Advances in spam-catching techniques mean that most computer users no longer face the paralyzing crush of junk messages that began threatening the very utility of e-mail communications just a few years ago.
But spammers have hardly given up, and as they improve and adapt their techniques, network managers must still face down the pill-pushers, get-rich-quick artists and others who use billions of unwanted e-mail messages to troll for income. "For the end user, spam isn't that much of a problem anymore," said Matt Sergeant, MessageLabs' senior antispam technologist. "But for the network, and for people like us, it definitely is."
Shortly after MessageLabs created a filter to catch the stock spams, the images they contained changed again.
They were now arriving with what looked to the naked eye like a gray border. Zooming in, however, the MessageLabs team discovered that the border was made up of thousands of randomly ordered dots. Indeed, every message in that particular spam campaign was generated with a new image of the border - each with its own random array of dots.

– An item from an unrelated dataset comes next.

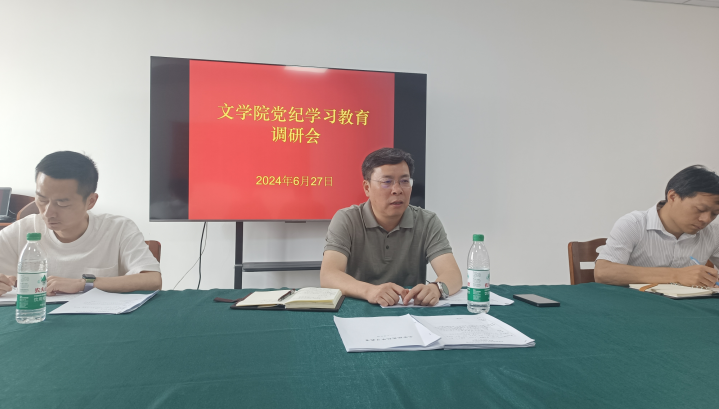 针对文学院党纪学习教育,付书记强调,开展党纪学习教育是党中央重大战略部署,要准确把握工作目标要求,按照学校部署,做实“九个一”活动,推进学习教育取得实效。付书记肯定了文学院所做的工作,指出文学院党纪学习教育工作扎实,推动了学院各方面工作,成效明显。付书记还对暑期前后的工作进行提示,要求学院做好上半年工作回顾,早谋划、早部署下半年各项工作,经常性开展师生安全教育。付书记还对其他工作提了具体要求。
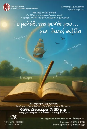 Οι ενδιαφερόμενοι μπορούν να προχωρήσουν την εγγραφή τους και να μάθουν περισσότερες πληροφορίες σχετικά με το Εργαστήρι Δημιουργικής Γραφής της Ιεράς Μητρόπολης Κίτρους, Κατερίνης και Πλαταμώνος στο τηλέφωνο: 23510 29848 και στο email: [email protected].

"That was kind of cool and kind of funny," said Mr. Sergeant, a soft-spoken British transplant who spends his days helping to douse spam fires from his home office outside Toronto.
During a recent meeting at the company's New York office, in Midtown Manhattan, Mr. Sergeant and a colleague, Nick Johnson, an antispam developer visiting from MessageLabs' headquarters in Gloucester, England, expressed both amusement and respect over the sheer creativity of the world's most prolific spammers, who continue to dump hundreds of millions of junk messages into the e-mail stream each day.
"It was almost like they knew what we were doing," Mr. Sergeant said.
SEVERAL surveys - from AOL, the Pew Internet and American Life Project and others - have indicated that the amount of spam reaching consumer inboxes has at least stabilized.
That is true for users whose networks are protected by off-site, third-party filtering services like MessageLabs', as well as those protected by network software or in-house equipment that filters messages before they hit a company's e-mail server.
If individual users also have personal spam filters installed on their computers, their in-box spam count can be reduced to a trickle.
But spam continues to account for roughly 70 percent of all e-mail messages on the Internet, despite tough antispam laws across the globe (including the Can-Spam Act in the United States), despite vigorous lawsuits against individual junk-mail senders and despite the famous prediction, by Bill Gates at the World Economic Forum in 2004, that spam would be eradicated by 2006.
The continuing defiance of spammers was demonstrated last week when one of them forced Blue Security, an antispam company based in Israel, to shut down its services. The company gave customers the power to enact mob justice on spammers by overloading them with requests to be removed from mailing lists. A spammer in Russia retaliated by knocking out Blue Security's Web site and threatening virus attacks against its customers. Blue Security said it would back off rather than be responsible for a "cyberwar."
While there are some indications that the growth rate of spam has plateaued or even slowed, experts say that spikes are always looming. That is partly because spammers can hide themselves or their operations in countries where law enforcement is lax, from Russia and Eastern Europe to China and Nigeria. Because some spammers can churn out 200 million or more messages a day, and because less than 1 percent of those need to bring responses from naïve, click-happy users to turn handsome profits, there is little incentive to stop.